A pitched roof would have made rainstorms more comfortable, as it was typical for water to seep through flat-roofed sod houses, where it would continue to "rain" inside well after a storm.
Sod bricks were typically 1' x 2' x 4". They weighed roughly fifty pounds and were stacked, grass-side down, so that walls were two-feet thick. These sturdy homes warm in the winter and cool in the summer.

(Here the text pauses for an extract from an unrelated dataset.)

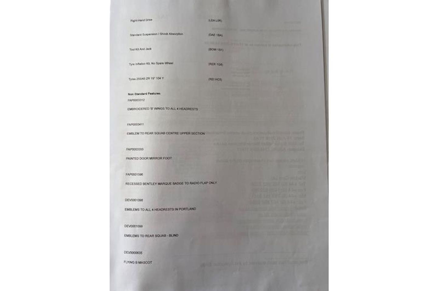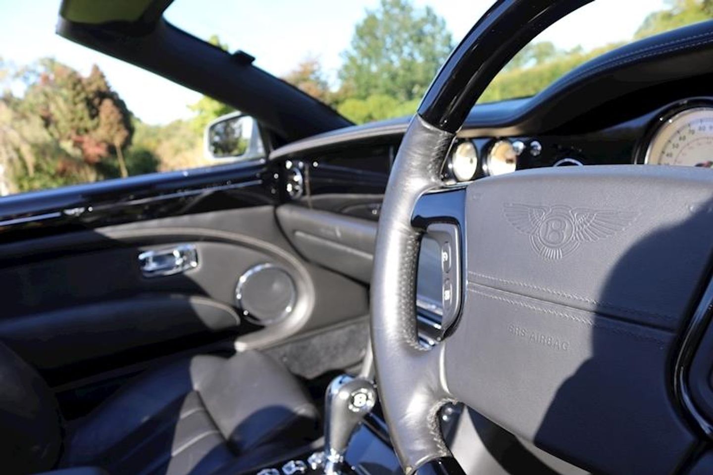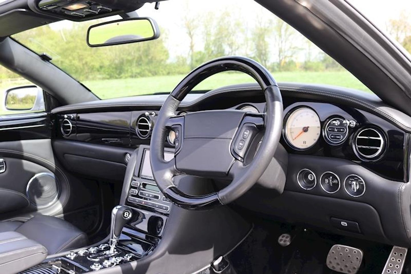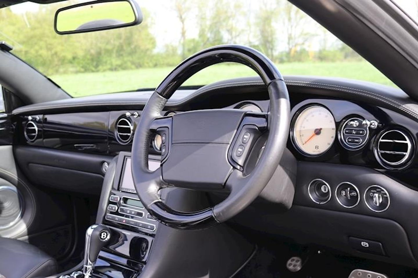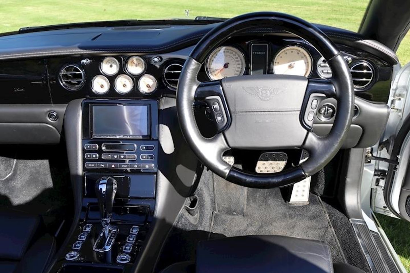 bentley crested seats,Wooden steering wheel,Bi-Xenon Headlights,Parking aid,Flying B Radiator Mascot, Adjustable Steering Column/Wheel, Armrest, Climate Control, Cruise Control, In Car Entertainment (Radio/CD Autochanger/DVD), Rain Sensor, Satellite Navigation, Seat Height Adjustment (Memory Driver/Passenger), Seat Lumbar Support (Driver/Passenger Electric), Seats Electric (Driver/Passenger - Driver Memory), Seats Heated (Driver/Passenger), Speakers, Steering Wheel Mounted Controls, Telephone Equipment, Upholstery Leather, Alloy Wheels (19in), Body Coloured Bumpers, Mirrors External (Memory Electric/Heated/Folding), Windscreen Wiper, Computer, Mirrors Internal, Self-Levelling Suspension, Power-Assisted Steering, Tyre Pressure Control

Structurally, they weren't especially neat and tidy. This poor wall looks like it's melting.
While researching for MAY B., I'd read about women who'd left comfortable lives determined to make this new world as familiar and lovely as possible. My mother included a note with this picture, the words of her tour guide:
Bird cages were kept to show some gentility or civility attesting to their previous lifestyle.
I included a stanza in MAY B.'s poem 80 that was inspired by this bird cage picture:

I button Ma's fine boots.
I wish I had insisted on keeping Hiram's old ones,
but I know Ma gave me hers
for herself as much as me,
a message to Mrs. Oblinger,
fresh from the city,
showing that women out here still have some grace.
My feet will hurt, I reckon,
before I make it far.

Come back Wednesday for views of the interior.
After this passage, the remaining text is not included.